For "doctor visits", the embedding space looks like:
"doctor appointment"
|
Dr. Smith visit ------ X ------ Dr. Johnson visit
|
Dr. Chen visit
All doctor visits cluster together. Top-k returns variations of the same visit, not different visits.
- Different surface forms - "appointment", "checkup", "examination"
- Temporal anchors - "January doctor", "February doctor"
- Explicit enumeration - User mentioned "first doctor", "second doctor"
They're designed for document retrieval, not conversation memory:
- Documents have distinct titles/topics
- Documents are longer (more semantic differentiation)
- Users don't ask "how many documents about X?"
def mmr_select(candidates, selected, lambda_param=0.6):
"""Select next candidate using MMR."""
best_score = -inf
best_candidate = None
for c in candidates:
relevance = c.score
diversity = min([cosine_sim(c.embedding, s.embedding) for s in selected])

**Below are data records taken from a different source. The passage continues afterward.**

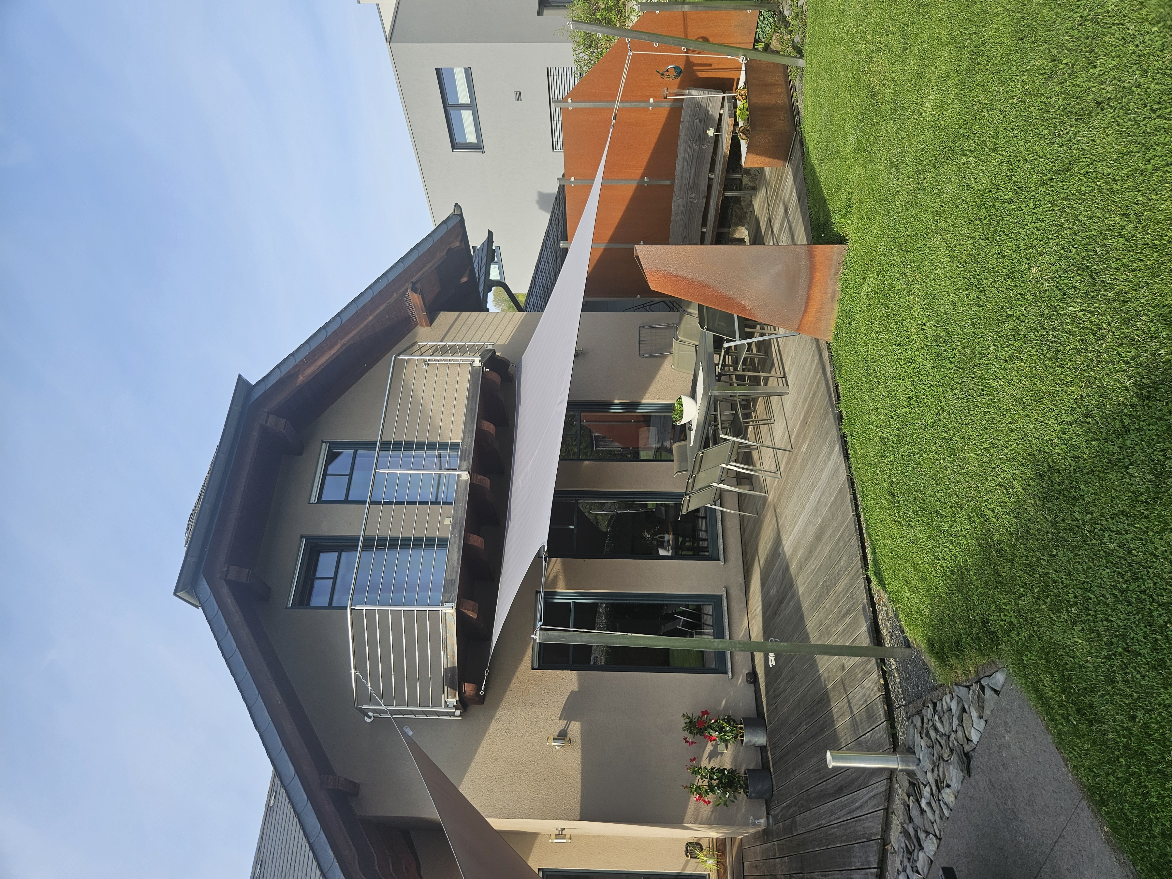 Avis vérifiéDas 3 x 5 m große Sonnensegel wurde perfekt verpackt in der angekündigten Zeit geliefert. Es war zusätzlich in einem passenden stabilen Sack mit extra Dreiecktaschen für die Edelstahlecken. Diese sind ohne jegliche scharfe Kanten sauber gearbeitet. Bei der Installation habe ich festgestellt, dass zum richtigen Spannen des Segels 1 Karabinerhaken und drei Seil-Spannsysteme sinnvoll/nötig sind. Nach dem Abnehmen des Segels für die kalte Jahreszeit läßt sich das Segel inklusive Zubehöt wieder gut in dem Sack verstauen. Ich habe anschließend ein weiteres Segel für eine unmittelbar neben der ersten Terrasse gelegene Terrasse bestellt und dabei versehentlich eine etwas andere Farbe gewählt. Bereits am Folgetag wurde ich angeschrieben und mit mir wurde sehr konstruktiv und absolut hilfsbereit besprochen, wie ich am besten ein einheitliches Bild bekomme und daraufhin umgehend seitens des Herstellers die Farbe angepasst. Genauere Informationen führten dann auch noch dazu, dass der Ablaufpunkt des Segels angepasst wurde, da ich bei der Bestellung in diesem Punkt unsicher war. Für diesen perfekten Service würde ich gerne nochmal 5 Extrapunkt geben. Lire plus Lire moins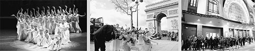 圖片自左至右為《絲路花雨》劇照、在凱旋門前演出現(xiàn)場(chǎng)以及劇場(chǎng)外購(gòu)票的觀眾隊(duì)伍。 賴京晶攝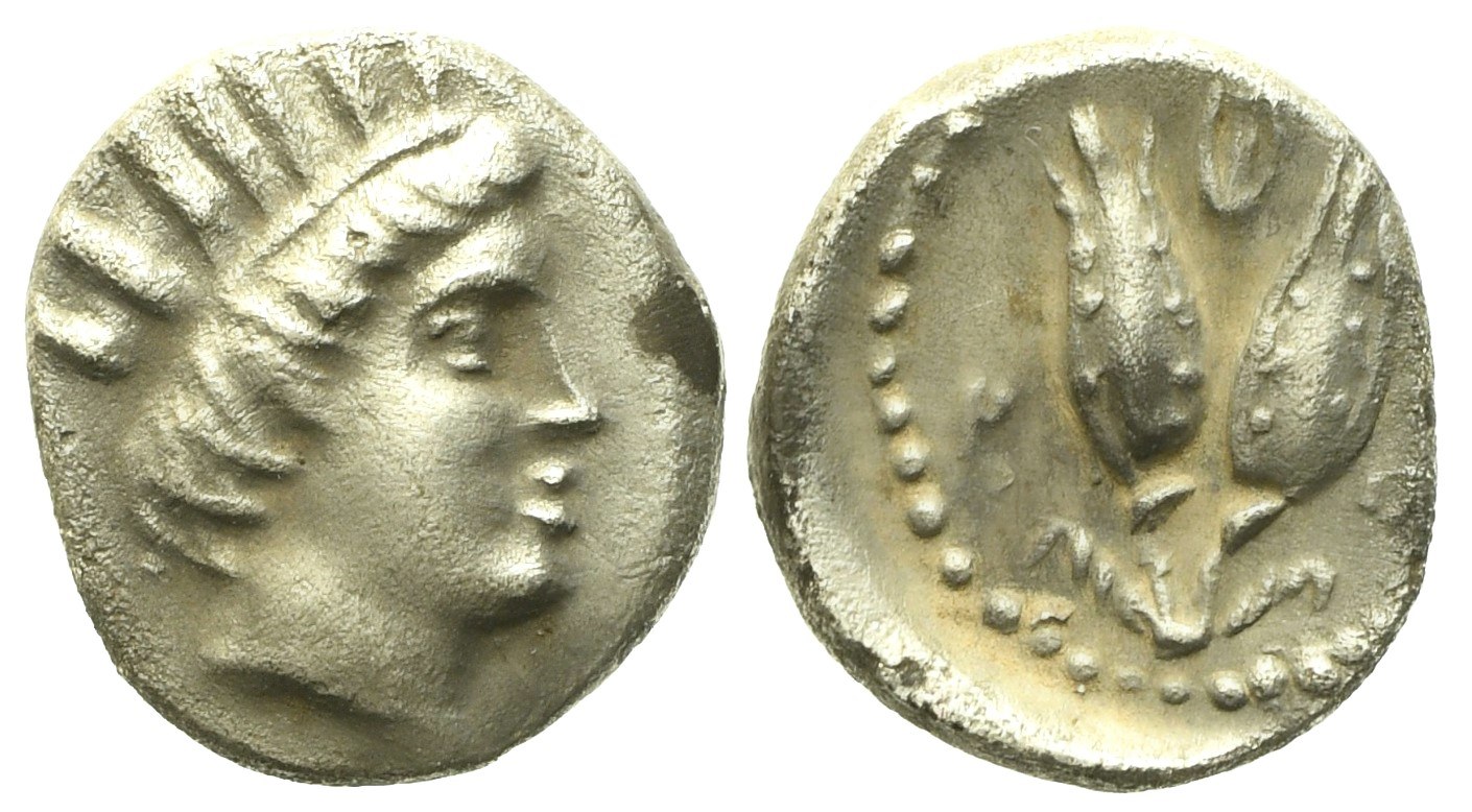 Radiate head of Helios r.; Rv. P - O. Two rose buds. Control: lyre. Karl coll. 533; SNG Keckman 617. Good VF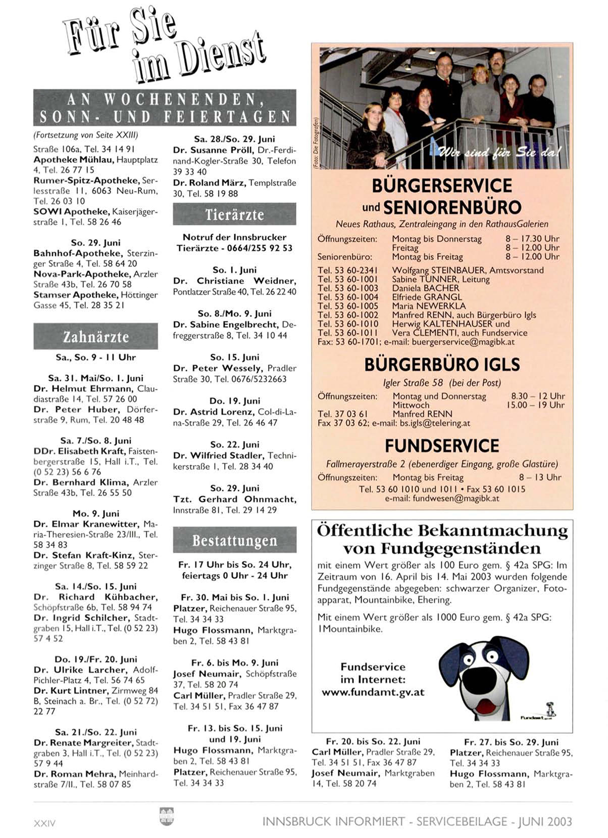 INNSBRUCK INFORMIERT - SERVICEBEILAGE -JUNI 2003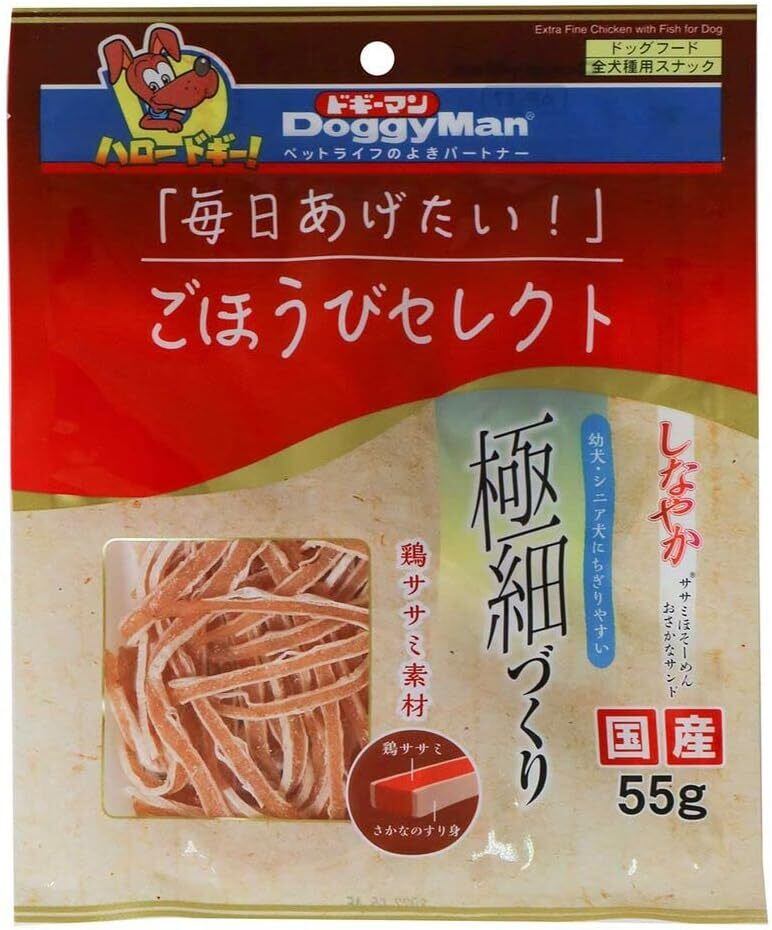 ■ 【ドギーマン(Doggy Man)】ごちそうセレクト やわらかササミほそーめん おさかなサンド 55gは、愛犬との楽しいおやつタイムにぴったり!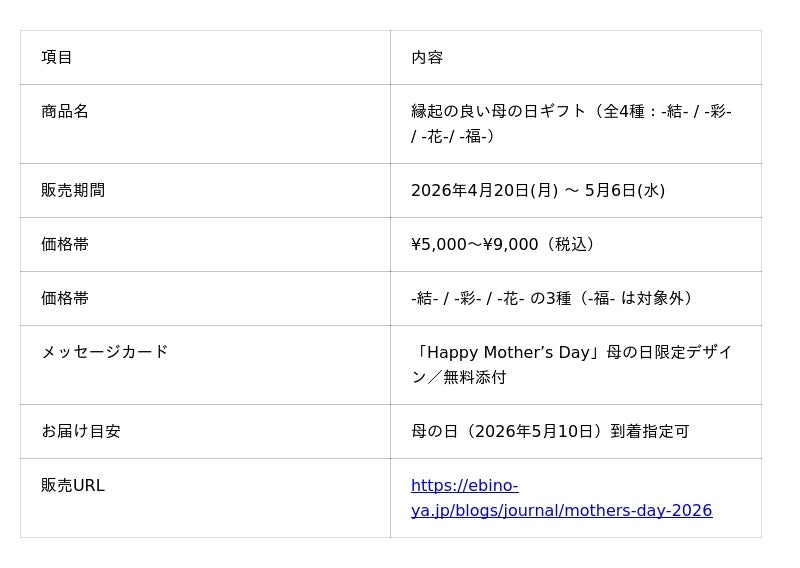 Eギフト対応(住所不要で即日贈呈可能)、手作業による背ワタ下処理済み、解凍のみで刺身として食べられる鮮度、母の日限定メッセージカード無料添付など、贈り手・受け手双方の負担を極限まで減らした設計で、「縁起の良さ」と「手軽さ」を両立させた新しい母の日ギフトの形を提案します。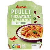 Ingrédients : Riz basmati cuit (eau, riz basmati) 42%, viande de poulet cuite traitée en salaison [viande de poulet, eau, saumure (amidon de manioc, sel, dextrose)] 24,7%, eau, crème fraîchelégère (LAIT), oignons 2,8%, double concentré de tomates, mélange aromatique [épices et plantes aromatiques, tomate déshydratée, sel, saccharose,arômes naturels, colorant : extrait de paprika] 1,7%, purée de tomates, raisins(raisins, huile de graines de coton) 1,2%, poudre de LAIT, ail, MOUTARDE àl'ancienne (eau, graines de MOUTARDE, vinaigre d'alcool, sel), coriandre 0,7%,amidon de maïs, gingembre, OEUFS entiers, farine de BLÉ, noix de coco râpée, huile de tournesol, cumin, sel, épice paprika, piment. Pourcentages exprimés sur le total de la recette. Élaboré à partir de poulet et de lait origine France Traces éventuelles de soja et céleri.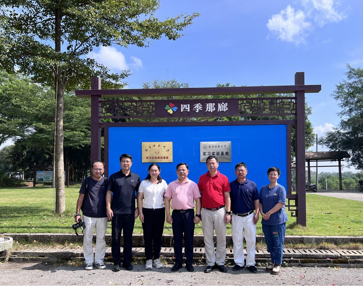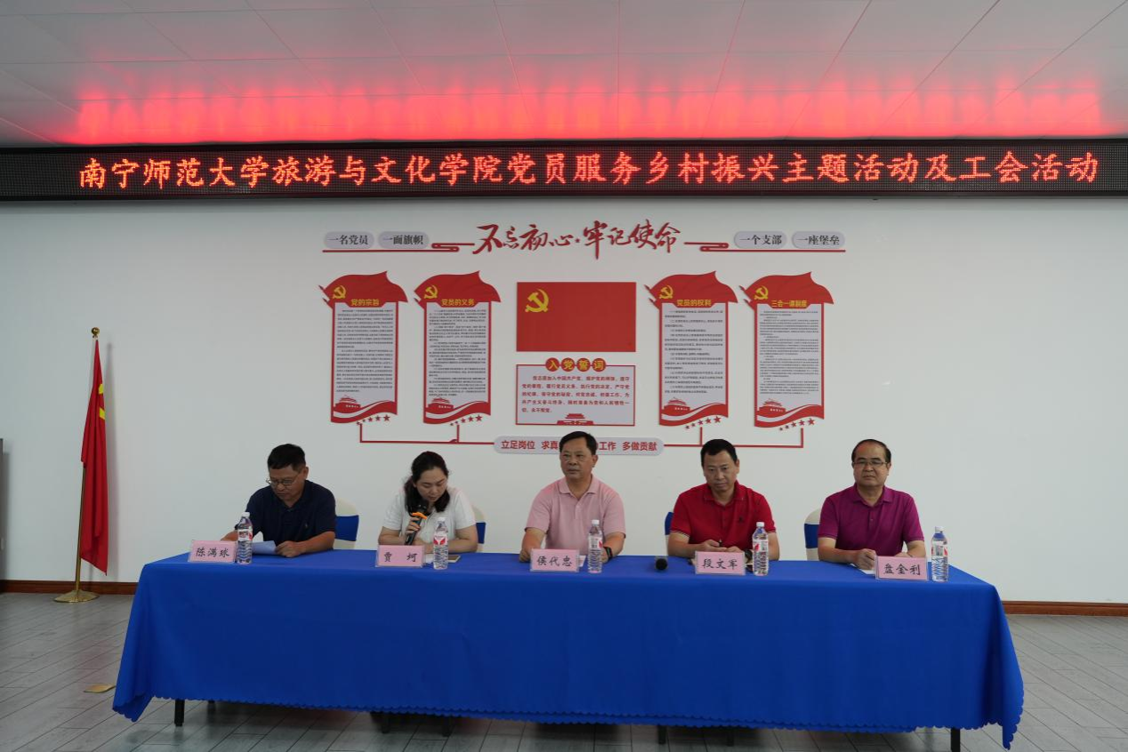 为发挥国家样板党支部“服务有力”的党建引领作用,凝聚育人合力,服务地方发展,10月19日,公司党委副书记侯代忠带领太阳成tyc33455ccwww班子及全体教师到广西四季那廊生态园开展国家样板党支部服务乡村振兴活动,并就实践教学基地共建合作展开讨论,举行实习实训基地揭牌仪式。太阳成集团tyc33455cc党委副书记侯代忠,广西中小学研学旅行学会秘书长盘金利,四季那廊生态园董事长陈满球,公司党委副书记、经理段文军及太阳成tyc33455ccwww教师代表参加了研讨,会议由公司党委书记贾坷主持。

mmr_score = lambda_param * relevance - (1 - lambda_param) * diversity
if mmr_score > best_score:
best_score = mmr_score
best_candidate = c
return best_candidate- Current: Full memory content
- Proposed: First 200 chars + "..."
- Benefit: Fit 10x more sessions in same budget
- Detect: "how many", "total", "count"
- Decompose: Generate temporal/categorical sub-queries
- Aggregate: Dedupe by entity, count unique
Multi-session "all" recall is a fundamental limitation of dense retrieval, not a bug in CEMS. The tools analyzed (claude-mem, QMD, supermemory) do not solve this problem - they're optimized for different use cases.
The most promising approaches are:
- MMR diversity (immediate, moderate impact)
- Content truncation (immediate, enables more sessions)
- Query decomposition (medium effort, high impact for aggregation queries)
Reranking consistently hurts our performance and should not be pursued.